Tue Oct 1 07:37:41 EDT 2002

Win2k, Python2.2
Hello gurus.

I'm working on a small application that lets users build Web pages from a
simple interface.

No big deal; user's pick what components they want, fill out a few fields,
and choose the languages they need.

The XML is parsed and assembled into html pages.

Everything is encoded in UTF-8, and everything seems to work pretty well
(even the RTL languages, Hebrew and Arabic).

My questions (and they might seem dumb) are thus:

1) Is it "safe" to use UTF-8 encoding for html pages. (These pages will be
seen by lots of folks around the world.)

2) I use codecs.open("filename.html", "w+", "utf8") to create the html
pages, encoded in utf-8; is this correct?

3) The xml is all utf-8, and it appears that, when building strings,
non-utf8 strings are coerced?

      #one of the f(x)s...%<---------

      def makeHTML(self, cNode):
            cText      = self.unTagXML(cNode.toxml(), cNode.tagName)
            cTagStart  = "<"+cNode.parentNode.getAttribute("htmlTag")+">"
            cTagEnd    = "</"+cNode.parentNode.getAttribute("htmlTag")+">"
            cLink      = cNode.parentNode.getAttribute("filename")
            if (len(cLink) != 0): #===>if the component has a filename attribute...
                  cLinkStart = '<a href="'+cLink+'">'
                  cLinkEnd   = '</a>'
            else:
                  cLinkStart = ""
                  cLinkEnd   = ""

            #===>ADDING UTF-8 TO REGULAR OLD STRINGS SEEMS TO WORK JUST FINE...
            componentString = cTagStart+cLinkStart+cText+cLinkEnd+cTagEnd
            self.guiFile.write(componentString+'\r\n')

4) Why do I hafta use '\r\n' for the "Newline character" instead of '\n'?
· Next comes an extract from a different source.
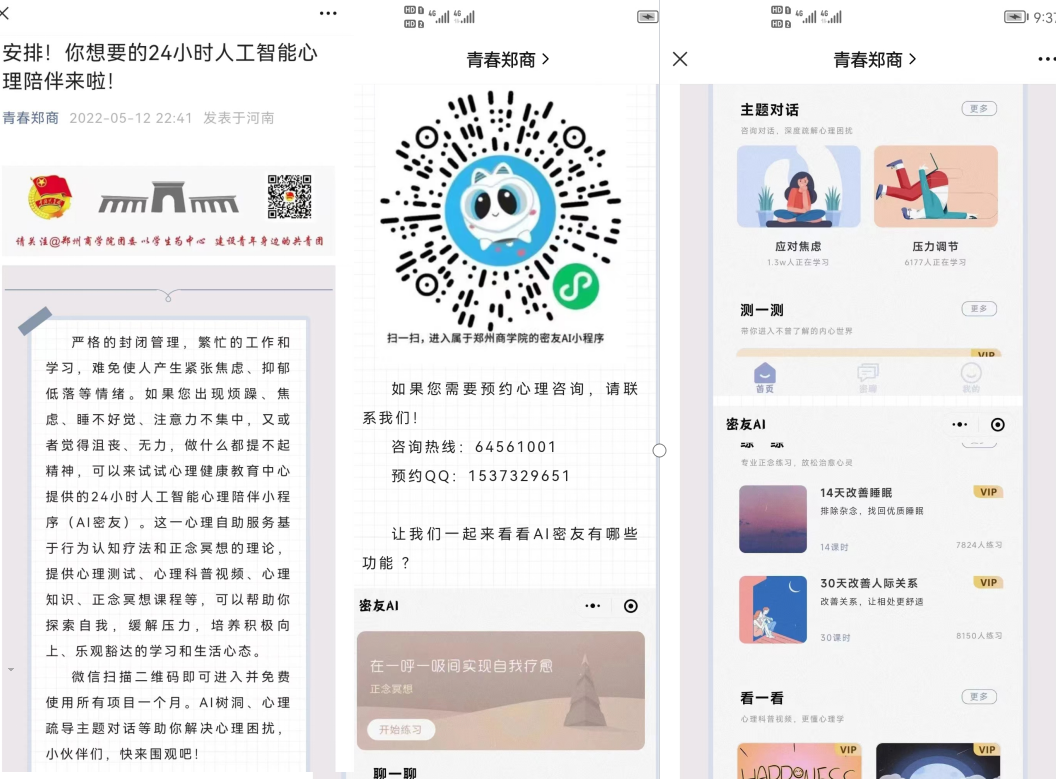 活动目的:疫情封闭管理期间,师生繁忙的工作和学习,难免使人产生紧张焦虑或抑郁低落等情绪。心理健康教育中心积极借助朗心科技,提供24小时人工智能心理陪伴小程序(AI密友),帮助同学们探索自我,缓解压力,培养积极向上、乐观豁达的学习和生活心态。

Again, everything seems to work great; I'm just a little gunshy about royally screwing up.
I've ordered "Unicode: A Primer" (seen it referenced a lot), so hopefully I can get a better understanding
of the unicode aspect, but, in the meantime, I thought I'd ask you guys (and gals).

Thanks for any input,
hope i've been clear on this.

PETE